The OntoNet technology, however, is not just a post-processor environment. Complexity can be tracked and used as a health monitoring aid for a multitude of systems. Applications range from power grids, to battle management, nuclear power plants, the stock market, etc. Understanding the structure of complexity can help to better understand the nature and functioning of such systems and to detect anomalies that can only be spotted if the system is viewed from a holistic perspective. It must be mentioned, however, that only endogenous phenomena may be detected and tracked. No software will reveal that lightning will strike a transformer in a power gird, causing a power outage.
Today, as systems become more complex and costly, it is often important to pay more attention to risk avoidance than to pure performance. The obsession with achieving peak performance and specialization increases the system’s vulnerability and exposes it to the adverse effects of an uncertain environment. Clearly, it becomes necessary to relax performance in order to reduce risk and to gain robustness, but to do this in a holistic and controlled manner, complexity must be known. Ultimately, complexity must be managed. However, managing complexity means, ultimately, understanding the relationships and rules that govern the system’s functioning. OntoNet determines the relationships between system variables in the vicinity of attractors that are found in multi-dimensional meta-models. These attractors correspond to the possible states, or modes, in which the system may function. The groups of relationships, or rules, that OntoGen finds in every mode, are precisely the previously mentioned Fuzzy Cognitive Maps. But why, one may ask, do we resort to fuzzy measures. Well, it is because of the Principle of Incompatibility. This states that as the number of components in a system increases, if the system happens to function in an uncertain environment, the less precise statements will we be able to make about this system. In other words, such statements will become more and more speculative. Complex systems are fuzzy. Consider, for example, the economy, climate, ecosphere, traffic in a large city, a complex battle scenario, a large power grid, or the society. For none of these systems crisp statements can be made, not to mention predictions as to future states of functioning. These systems are fuzzy, and the more complex they become, the more fuzzy they get. Another good reason to treat systems as fuzzy is because models are only models, and often carry a large number of assumptions, which, ultimately, add uncertainty to the problem, Therefore, models cannot provide precise answers. However, a great deal may still be learnt about such systems, providing that we approach them from a holistic perspective, and that we try to understand the structure of their complexity. This, today, is possible.
When a system transitions from one functioning mode to another – imagine a power grid in which a certain element fails – the relationships between the remaining elements change, just as the key elements (hubs), the critical paths, the level of redundancy and other important system features do. How these feature changes affect overall system performance may be understood if one takes a global complexity-oriented look at things. But complexity is not just about a large number of components. It is primarily about how these components interact, and about the topology of these interactions.

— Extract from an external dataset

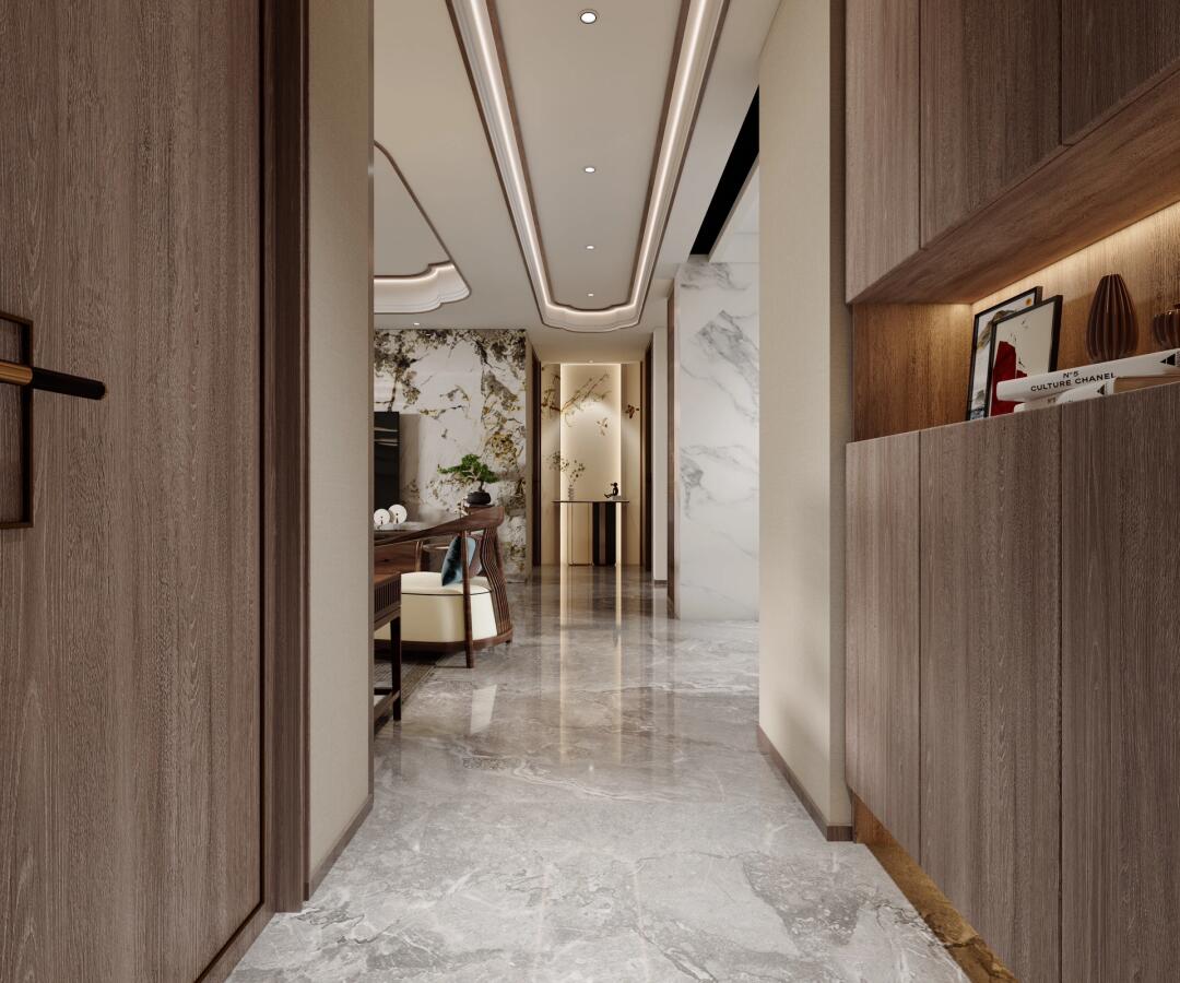 玄關(guān)裝飾以詩入境,挖掘“巧”與“精”的絕妙之處,特意設(shè)計的一面玄關(guān)墻,大理石與木不同材質(zhì)的碰撞,簡,卻余韻十足。
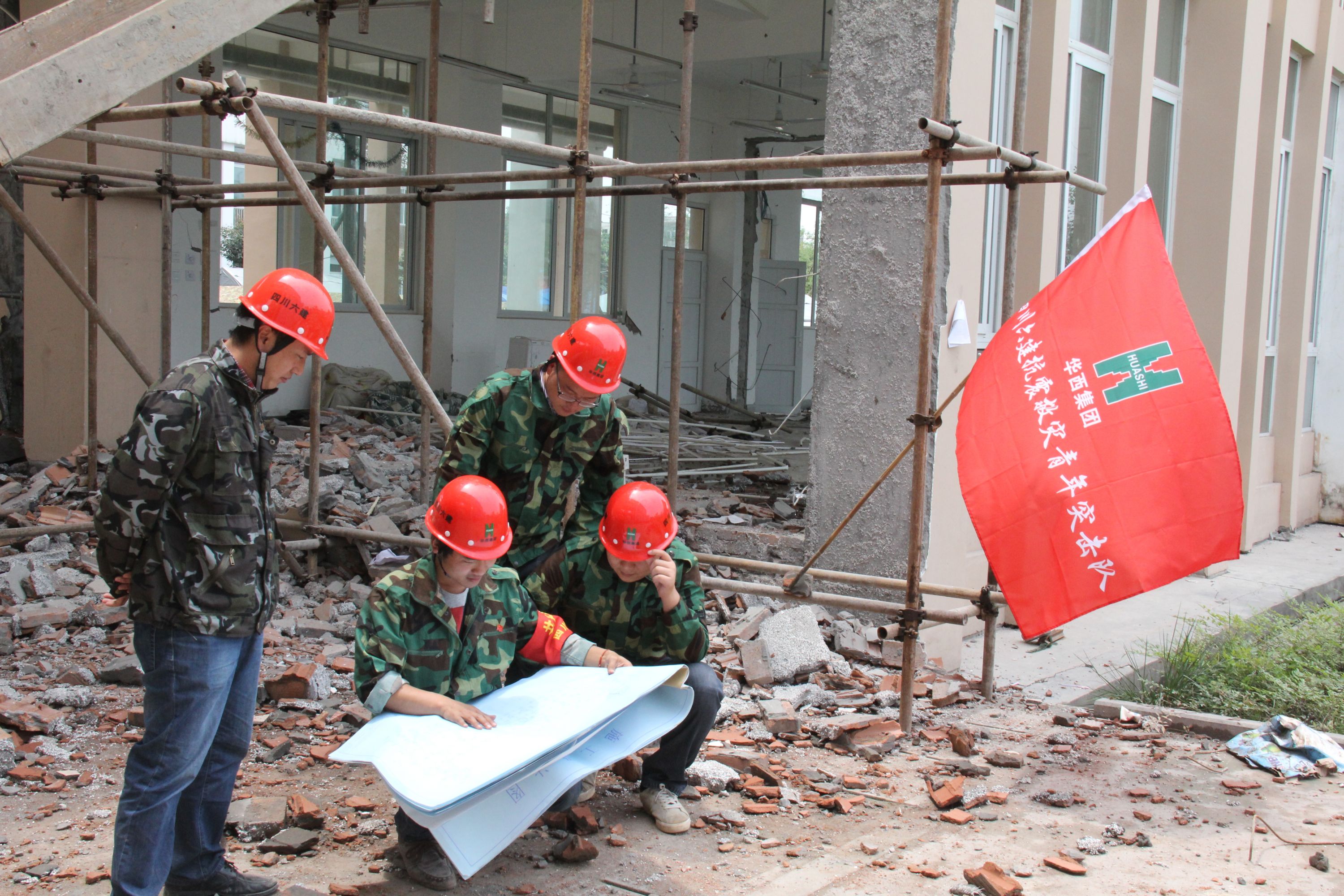 青年突擊隊(duì)在蘆山地震現(xiàn)場(chǎng)進(jìn)行房屋鑒定工作

The blackout that struck a large area of North America on Aug. 14, 2003 provided a demonstration that one event can disrupt the supply of electricity to many places hundreds of miles apart. Mr. Kyle Datta stated, in a memorandum of the Rocky Mountains Institute, following the August 14 power outage in the Eastern United States: “In 1996, western United States lost power because a power line heated up, sagged, and shorted out. In 1998, there were two noteworthy power failures: ice storms knocked out power systems in eastern Canada and the United States, and the city of Auckland, New Zealand lost power for over two months due to a transmission line failure. Thursday’s power loss appears to be from a strike of lightning. RMI has warned of the weakness of the grid for years, notably via the Institute’s founders’ 1982 book Brittle Power: Energy Strategy for National Security, which describes the vulnerability of the North American electric grid to attack, accident, and natural disaster…. Today’s power system consists of relatively few and large units of generation and transmission, sparsely interconnected and heavily dependent on a few critical nodes (many of which are nearing capacity). The system provides relatively little storage to buffer surges and shortages and generation units are located in clusters, remote from the loads they serve. Even a weather-induced surge of electricity or a failure of a major power plant or transmission line can cascade through the system and cause massive technical, social, public health, and national security problems—as they did on Aug. 14. Our electrical system, as we predicted over twenty years ago, is and remains extremely brittle…. The interesting challenge is not understanding why the centralized system failed once again, said Datta, but to understand which elements of the system are able to maintain electricity supply in the face of overall system failure. “ This kind of understanding may be provided by OntoNet.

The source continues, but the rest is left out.